Memory-Aware Partitioning

from pyspark.sql import functions as F

# Ensure partition sizes fit in executor memory
df = spark.read.parquet("hdfs://data/events")

# Calculate optimal partition count
# Rule of thumb: 200MB per partition for large datasets
estimated_size_gb = 50  # GB
optimal_partitions = int(estimated_size_gb * 1024 / 200)
print(f"Recommended partitions: {optimal_partitions}")

# Repartition to optimal count
df_optimized = df.repartition(optimal_partitions)
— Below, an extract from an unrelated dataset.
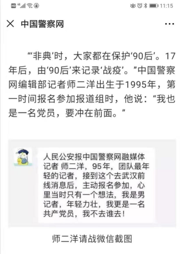 当新冠肺炎疫情出现时,他通过每日新闻报道和与媒体同行的交流,知道武汉疫情已经进入紧急状态。1月30日,单位下发征集工作人员赴武汉一线支援的通知,他立刻主动请缨,提交申请,要求奔赴前线。问他当时为什么有如此大的决心,他说:“当时心里只有一个想法,我是男记者,年轻力壮,我更是一名共产党员,我不去谁去!”之后,当他跟家里人说了他的决定时,爸妈表示尊重他的选择,有了家人亲情做后盾,他说自己心中充满了斗志和动力。经中国警察网报道,单位支援武汉的队伍中,师二洋是最年轻的记者。

# For joins, repartition both sides by join key
left = df.repartition(200, "user_id")
right = spark.table("user_profiles").repartition(200, "user_id")
result = left.join(right, "user_id")

ℹ️

Key Takeaway: Memory tuning requires understanding your workload patterns. Cache aggressively for iterative workloads, use off-heap for large caches, and always monitor GC activity in production.

Follow-Up Questions

How does Spark's memory allocation differ between YARN and Kubernetes deployments?
Explain the eviction policy when execution memory exceeds the unified memory region.
What are the trade-offs between MEMORY_ONLY_SER and OFF_HEAP storage levels?
How would you diagnose a memory leak in a long-running Spark Streaming application?
Describe the impact of spark.sql.shuffle.partitions on executor memory usage.